It's funny to go into a science library and find half the books on climate change are about the impending "global ice age"
A lot of people think that the 1960's and 70's were a time when "global cooling" was being pushed by the scientific community. Despite a handful of popular media articles, this really wasn't the case. The classic climate dynamics papers from that era talk about how rising anthropogenic CO2 would likely overcome the recent cooling trend.

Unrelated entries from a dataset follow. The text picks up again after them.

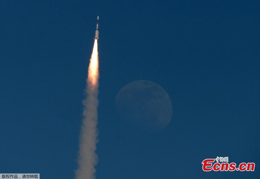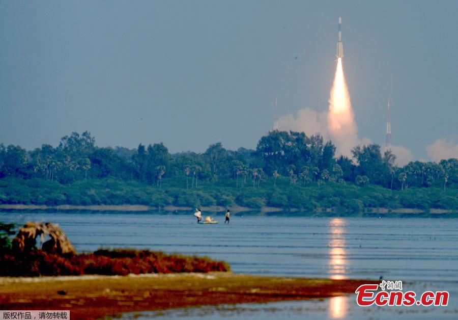 India's Geosynchronous Satellite Launch Vehicle GSLV-F11 carrying GSAT-7A communication satellite blasts off from the Satish Dhawan Space Centre in Sriharikota, India, Dec. 19, 2018. Gsat-7A, built by the Indian Space Research Organisation, is meant for augmenting the existing communication capabilities of satellites used by the Indian Air Force, according to Indian media. (Photo/Agencies)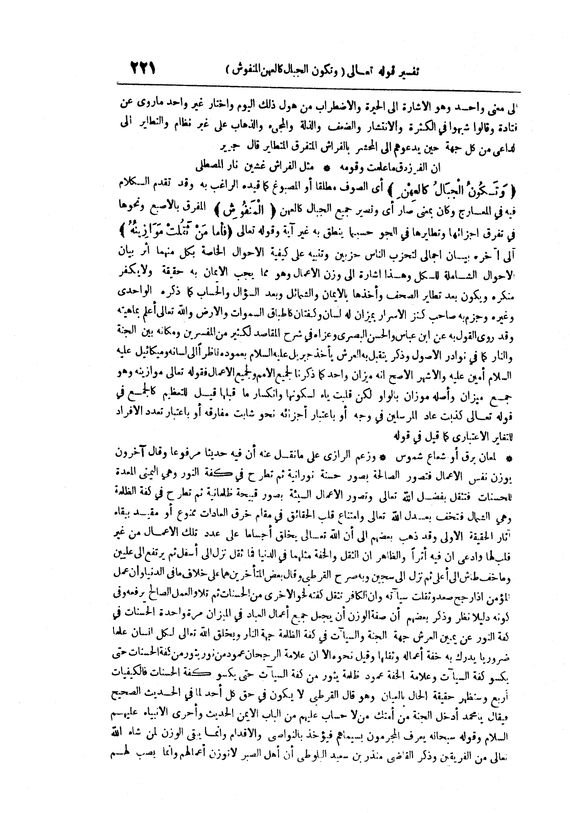 وزعم الرازي على مانقل عنه أن فيه حديثا مرفوعا وقال آخرون يوزن نفس الاعمال فتصور الصالحة بصور حسنة نورانية ثم تطرح في كفة النور وهي اليمنى المعدة للحسنات فتثقل بفضل الله تعالى وتصور الاعمال السيئة بصور قبيحة ظلمانية ثم تطرح في كفة الظلمة وهي الشمال فتخف بعدل الله تعالى وامتناع قلب الحقائق في مقام خرق العادات ممنوع أو مقيد ببقاء آثار الحقيقة الاولى وقد ذهب بعضهم الى أن الله تعالى يخلق أجساما على عدد تلك الاعمال من غير قلب لها وادعى ان فيه أثرا والظاهر ان الثقل والخفة مثلها في الدنيا فما ثقل نزل الى أسفل ثم يرتفع الى عليين وما خف طاش الى أعلى ثم نزل الى سجين وبه صرح القرطبي وقال بعض المتأخرين هما على خلاف مافي الدنيا وأن عمل المؤمن اذا رجح صعد وثقلت سيآته وان الكافر تثقل كفته لخو الاخرى من الحسنات ثم تلا والعمل الصالح يرفعه وفي كونه دليلا نظر وذكر بعضهم أن صفة الوزن أن يجعل جميع أعمال العباد في الميزان مرة واحدة الحسنات في كفة النور عن يمين العرش جهة الجنة والسيآت في كفة الظلمة جهة النار ويخلق الله تعلى لكل انسان علما ضروريا يدرك به خفة أعماله وثقلها وقيل نحوه الا ان علامة الرجحان عمود من نور يثور من كفة الحسنات حتى يكسو كفة السيآت وعلامة الخفة عمود ظامة يثور من كفة السيآت حتى يكسو كفة الحسنات فالكيفيات أربع وستظهر حقيقة الحال بالعيان وهو قال القرطبي لايكون في حق كل أحد لما في الحديث الصحيح فيقال يامحمد أدخل الجنة من أمتك من لاحساب عليهم من الباب الايمن الحديث وأخرى الانبياء عليهم السلام وقوله سبحانه يعرف المجرمون بسيماهم فيؤخذ بالنواصي والاقدام وانما يبقى الوزن لمن شاء الله تعالى من الفريقين وذكر القاضي منذر بن سعيد البلوطي أن أهل الصبر لاتوزن أعمالهم وانما يصب لهم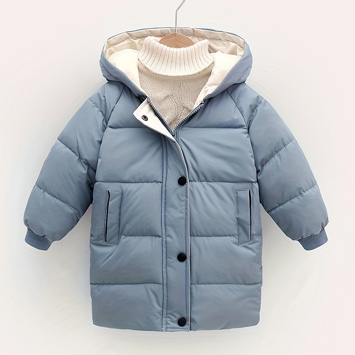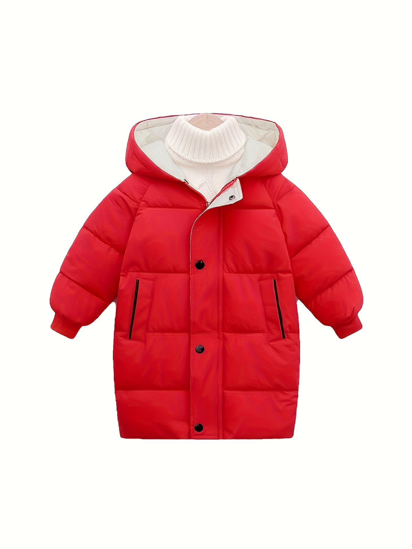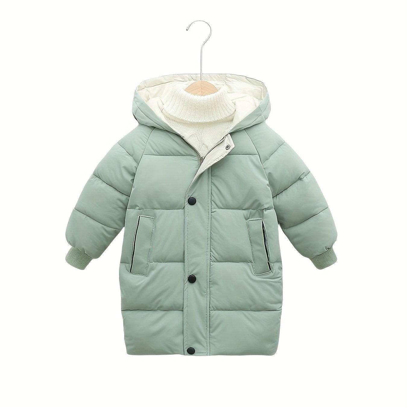 Детский утеплённый плащ унисекс средней длины с капюшоном, однотонный, из полиэстера, осень-зима, повседневный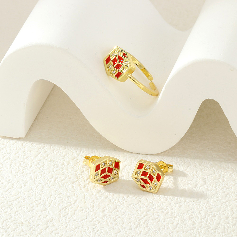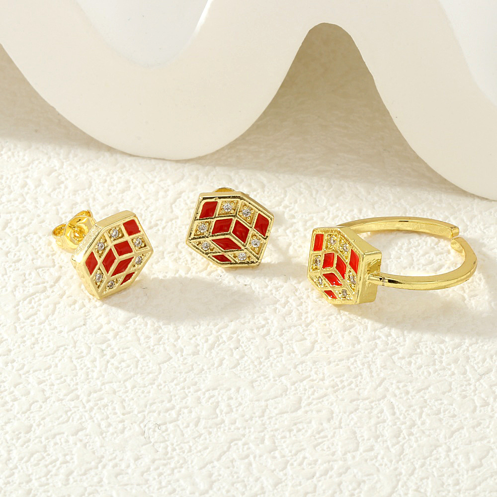 Zirkonia Micro Pave Messing-Schmucksets, Stud Ohrring & Fingerring, Messing, goldfarben plattiert, Modeschmuck & verschiedene Stile für Wahl & Micro pave Zirkonia & für Frau & Emaille, keine, frei von Nickel, Blei & Kadmium, verkauft von PC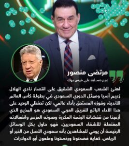 وقال منصور عبر حسابه الرسمي بموقع التواصل الاجتماعي فيس بوك إنه “يهنئ الشعب السعودي الشقيق على انتصار نادي الهلال زعيم آسيا وممثل الدوري السعودي في بطولة كأس العالم للأندية، وفوزه المستحق وبجدارة وبأداء عالمي على الفريق الانجليزي مانشستر سيتي، وهو الانتصار الذي أسعد كل عربي قلبه صافي من الغل والأحقاد” .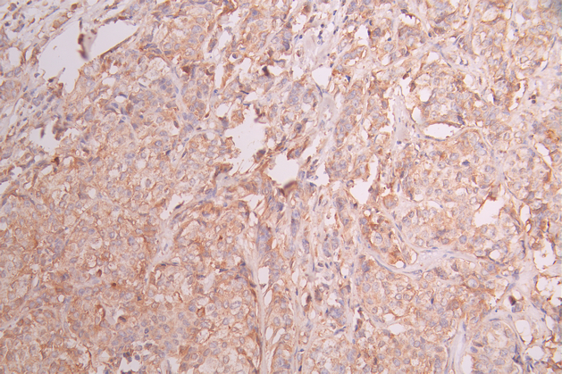 IHC image of CSB-RA215300A0HU diluted at 1:100 and staining in paraffin-embedded human breast cancer performed on a Leica BondTM system. After dewaxing and hydration, antigen retrieval was mediated by high pressure in a citrate buffer (pH 6.0). Section was blocked with 10% normal goat serum 30min at RT. Then primary antibody (1% BSA) was incubated at 4°C overnight. The primary is detected by a Goat anti-rabbit polymer IgG labeled by HRP and visualized using 0.05% DAB.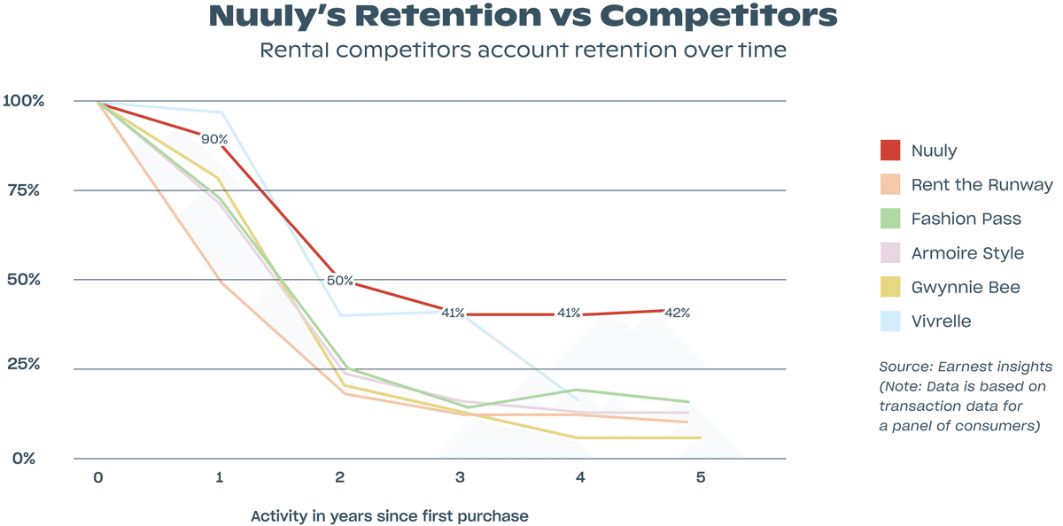 レンタルのサービスはニューリーだけでなく他社も試みたのですが、ニューリーが成功している理由は顧客離反率を低く抑えることに成功したことによります。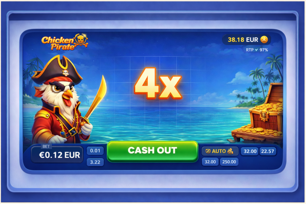 In Chicken Pirate, the repetition is constant. The same mechanic is presented again and again, without variation. The multiplier rises, the decision is made, the round ends. On its own, this loop is simple and unchanging.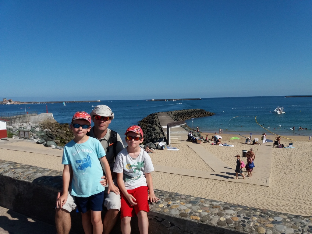 La marée était basse et il y avait beaucoup de « gros » cailloux qui nous roulait sur les pieds et les jambes quand nous voulions rentrer dans l’eau, ce n’était pas très agréable. JC a pris beaucoup de plaisir à nager dans les vagues, Samuel s’est amusé sur le bord car les vagues étaient tout de même assez fortes et que j’avais peur qu’il soit entraîné au large, et Nathou a aussi joué au bord dans le sable et l’eau. Ce jour là, le sable était brûlant.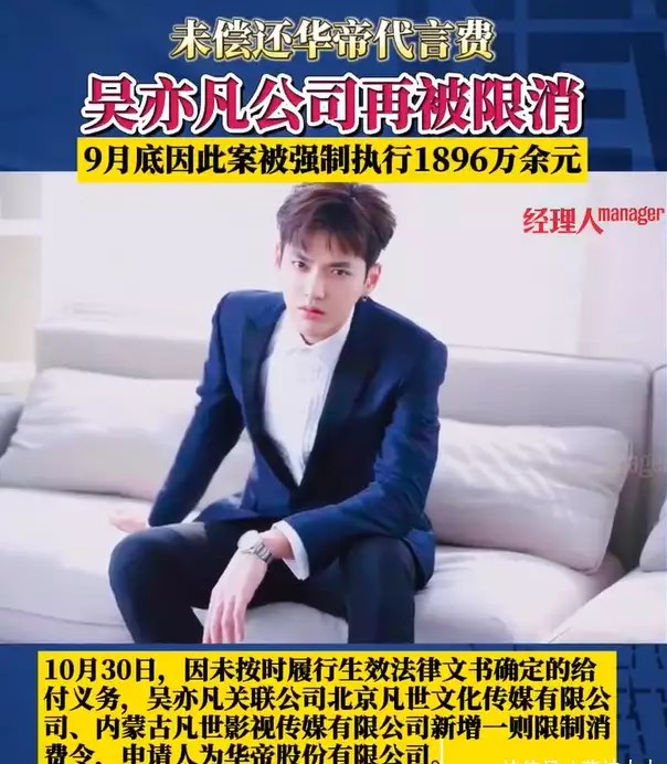以吴亦凡的表哥吴林为例,他多年来一直负责吴亦凡的经纪事务,参与了多个公司的运营。然而,法院最近发布了限消令,要求吴林支付高达1.65亿元的金额。
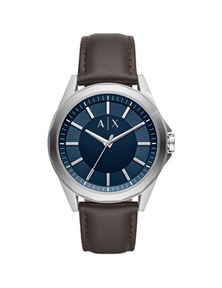 della linea Armani Exchange, con cassa in acciaio, quadrante blu e cinturino in pelle marrone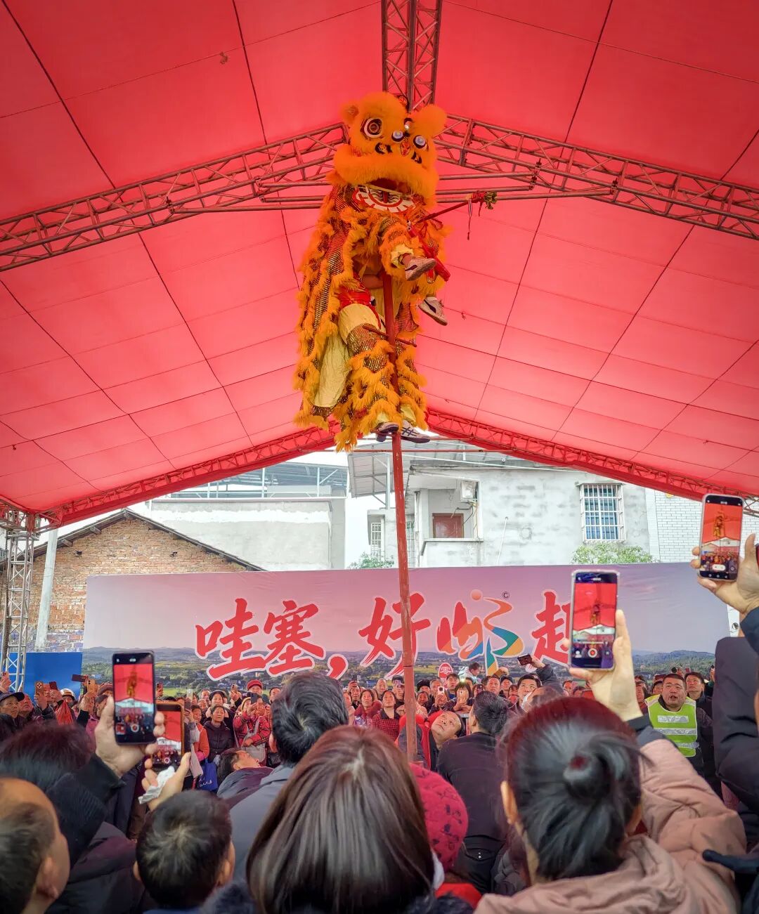 伴随着铿锵的锣鼓声,一场精彩的舞龙舞狮表演将现场气氛推向高潮。随后,地方特色的花鼓戏、轻松幽默的脱口秀等节目轮番上演,为逛集市的群众带来了视听享受,也让传统年节的文化氛围更加浓郁。

In fact, what is incredible about those papers is the prescience shown by the authors... and if you take the time to read them (and that's something I highly recommend for anyone interested in doing their own background research) you will find that the issues that these scientists were discussing in their papers are the same issues that many skeptics bring up today... as if they are fresh criticisms. They are not. And contrary to popular opinion, global warming - not global cooling - was a bigger concern among the scientific community during the 1960's/70's.
You will notice that even by the 1960's, climate scientists were aware of the contribution that volcanoes, solar activity and other natural phenomenon were playing in climate change. The public is still trying to catch up to what most scientists knew over 40 years ago.
The articles are relatively easy to read to boot...
- Sawyer, 1972 (Nature)
"Man-made carbon dioxide and the 'greenhouse' effect"
http://www.nature.com/nature/journal/v239/n5366/abs/239023a0.html
- Budyko, 1969 (Tellus)
"The effect of solar radiation on the climate of the earth"
- Sellers, 1969 (J. Applied Met.)
"A global climatic model based on the energy balance of the earth atmosphere system"
(I can scan in PDFs of Budyko and Sellers if you can't get electronic access to them through your school).